Piecewise Normalizing Flows

TL;DR

The paper tackles the difficulty of modeling multi-modal distributions with normalizing flows by introducing piecewise normalizing flows (PNFs), which cluster the target distribution and train separate Gaussian-base NFs on each cluster. This segmentation aligns each piece's topology with the base distribution, enabling parallel training and often improving emulation accuracy versus single-flow and resampled-base baselines. Benchmark results on toy multimodal distributions show PNFs achieve lower KL divergences than competing methods, though gains on some real-world datasets are data-dependent. The approach offers a practical, scalable path to better capture complex densities while highlighting considerations around clustering choices and limitations of the method.

Abstract

Normalizing flows are an established approach for modelling complex probability densities through invertible transformations from a base distribution. However, the accuracy with which the target distribution can be captured by the normalizing flow is strongly influenced by the topology of the base distribution. A mismatch between the topology of the target and the base can result in a poor performance, as is typically the case for multi-modal problems.
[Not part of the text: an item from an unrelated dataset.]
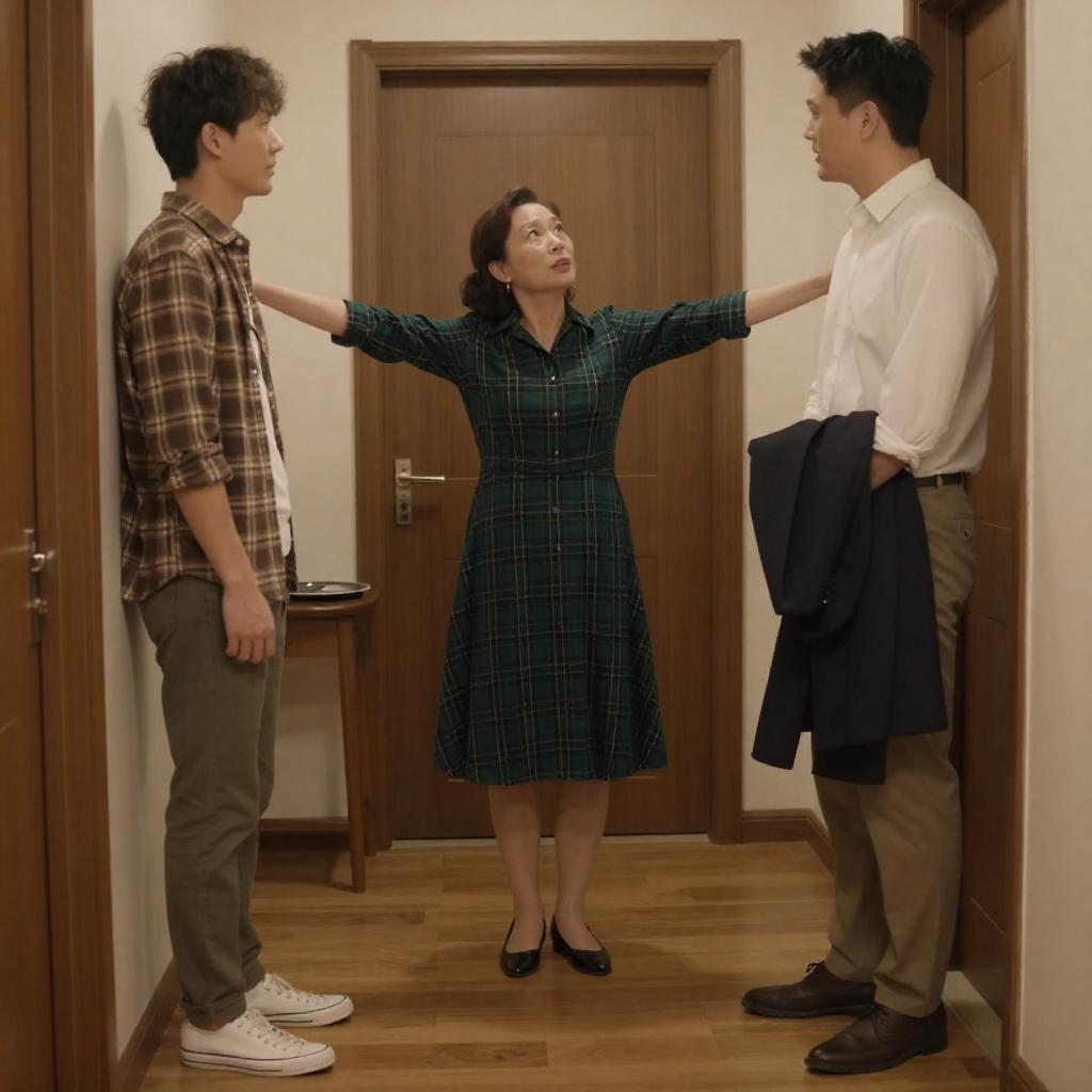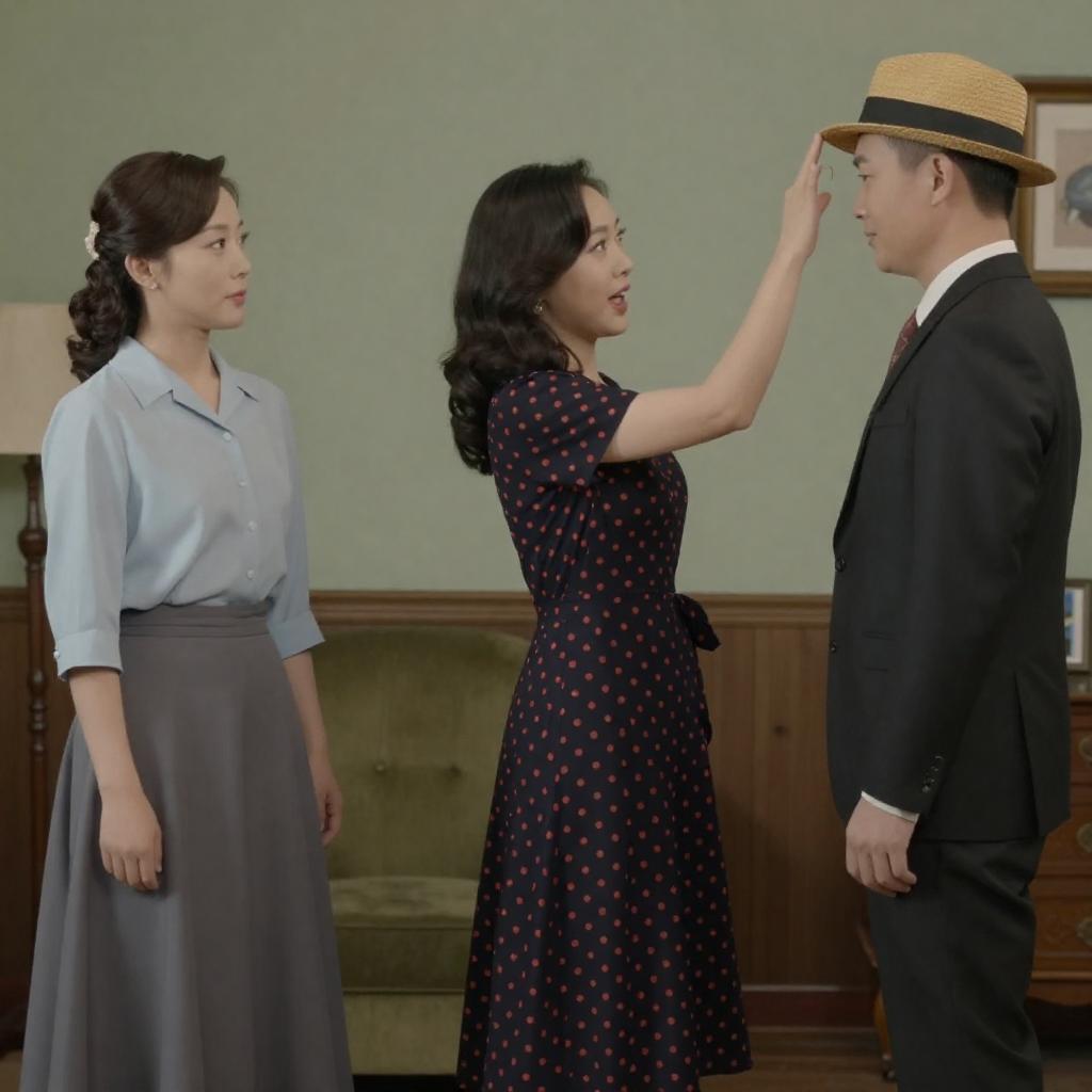 A vintage photograph of three people in a cozy room. A woman in a light blue blouse and gray skirt stands on the left, looking slightly away. A woman in a black dress with red polka dots and dark hair stands in the center, playfully touching the hat of a man in a black suit and yellow hat on the right. A green armchair is in the background.

A number of different works have attempted to modify the topology of the base distribution to better match the target, either through the use of Gaussian Mixture Models (Izmailov et al., 2020; Ardizzone et al., 2020; Hagemann & Neumayer, 2021) or learned accept/reject sampling (Stimper et al., 2022). We introduce piecewise normalizing flows which divide the target distribution into clusters, with topologies that better match the standard normal base distribution, and train a series of flows to model complex multi-modal targets. We demonstrate the performance of the piecewise flows using some standard benchmarks and compare the accuracy of the flows to the approach taken in Stimper et al. (2022) for modelling multi-modal distributions. We find that our approach consistently outperforms the approach in Stimper et al. (2022) with a higher emulation accuracy on the standard benchmarks.

Figures (5)

• Figure 1: A simple demonstration of the piecewise normalizing flow (NF) described in this paper and a single NF trained on the same multimodal target distribution. We use early stopping to train the different normalizing flows. For the single NF we see bridging between the different clusters that is not present in the piecewise approach. The architecture of the MAF and piecewise MAF components are chosen such that the two have approximately the same number of hyperparameters.
• Figure 2: The figure shows how the silhouette score, $s$, can be used to determine the number of clusters needed to describe the data. In the example $s$ peaks for eight clusters corresponding to one for each Gaussian in the circle.
• Figure 3: The figure shows the training and sampling process for our piecewise NFs. From left to right, we start with a set of samples $x$ drawn from $p_X(x)$ and classify the samples into clusters (e.g. using $k$-means), determining the number of clusters to use based on the silhouette score. We then train a Masked Autoregressive Flow on each cluster $k$ using a standard normal distribution as our base. When drawing samples from $p_\theta(x)$ we select which MAF to draw from using weights defined according to the total cluster weight.
• Figure 4: The graph shows a series of multi-modal target distributions as 2D histograms of samples in the first column and three representations of this distribution produced with three different types of normalizing flow. We use early stopping, as described in the main text, to train all the normalizing flows. The second column shows a simple Masked Autoregressive Flow with a Gaussian base distribution based on the work in MAFs and the later two columns show two approaches to improve the accuracy of the model. The first is from Stimper2021 and uses a RealNVP flow to model the distributions while resampling the base distribution to better match the topology of the target distribution. In the last column, we show the results from our PNFs, where we have effectively modified the topology of the target distribution to better match the Gaussian base distribution by performing clustering.
• Figure 5: The figure shows samples drawn from various different PNFs built using different clustering algorithms, along with samples from the true distribution and samples from a single masked autoregressive flow. The figure illustrates that the PNF can be effectively built from using different clustering algorithms and, along with \ref{['tab:clustering_algorithm']}, that some clustering algorithms perform better than others. We choose network architectures for our PNFs and MAF such that they all have approximately the same number of hyperparameters.